Bumblebee Aware December 2021

 

So, where are all the bumblebees today?  If you go for a walk in the countryside this month, you will probably not see any, nor will you see much in the way of blossom in the hedges and ditches.  Bees can only get the food that they need to feed their young by visiting flowers, collecting the nectar and pollen, and taking it back to their nests.  If there are no flowers in bloom, how does any bee survive the winter?

 

The vast majority of bumblebees die at the end of the summer having served their purpose of producing large healthy new queens.  Once these have left the nest, they mate, eat as much as they can, and seek out a secluded niche in which to hibernate.

 

The favoured site will be sheltered, and somewhere that birds, rodents and other insects cannot reach her.  It will be north-facing so that she will not be awakened by a rare day of hot weather at a time when the plants are still devoid of flowers.

 

At this time, she is not dead but hibernating.  To save energy, the bumblebee slows down all bodily activities and lives off her fat stores.  These are accumulations that she has laid down in her abdomen at the end of the summer, with as much honey as she could gather and store in her stomach.  The energy is needed to keep her heart beating and pumping blood round her body.  She needs to keep breathing.  Her immune system is essential to defend her against parasites, bacteria and viruses.  Her brain cannot switch off completely because she needs to be aware of the rise in air temperature that will mark the arrival of spring.  Most crucially, the energy is essential for the development of the fertilised eggs that she carries.

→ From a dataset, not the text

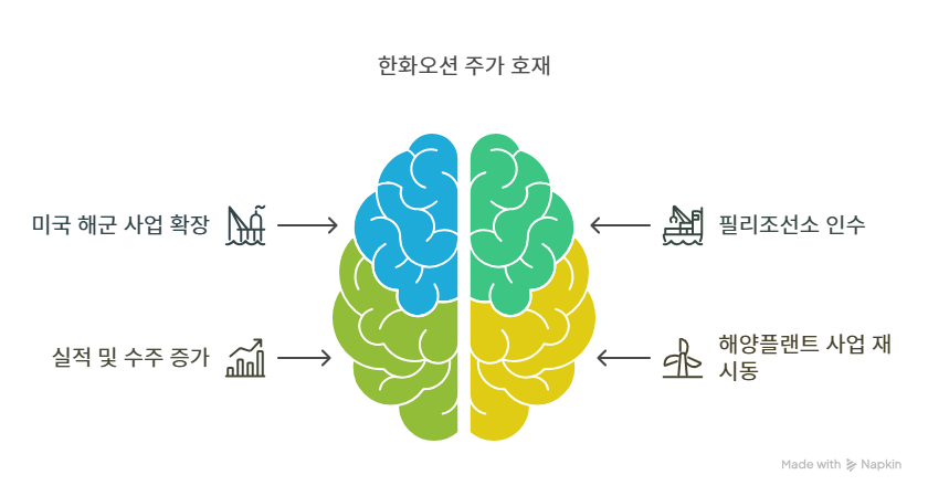 - 한화오션은 글로벌 조선소와의 경쟁에서 초격차 기술과 친환경 솔루션을 바탕으로 안정적 수익을 창출하며, 해상풍력과 방산 시장 확대를 통해 추가 수익원을 확보하고 있다.

The future of her entire family, colony and lineage depends on her surviving the winter.  Bumblebees in the UK typically hibernate for 3 or 4 months but many die because they could not stock up with enough food at the end of the summer.

She will not be dreaming of the spring flowers and all the nectar that she will drink in the weeks ahead because she has never seen them.  She was not alive a year ago.  She will have to learn all about them on the wing.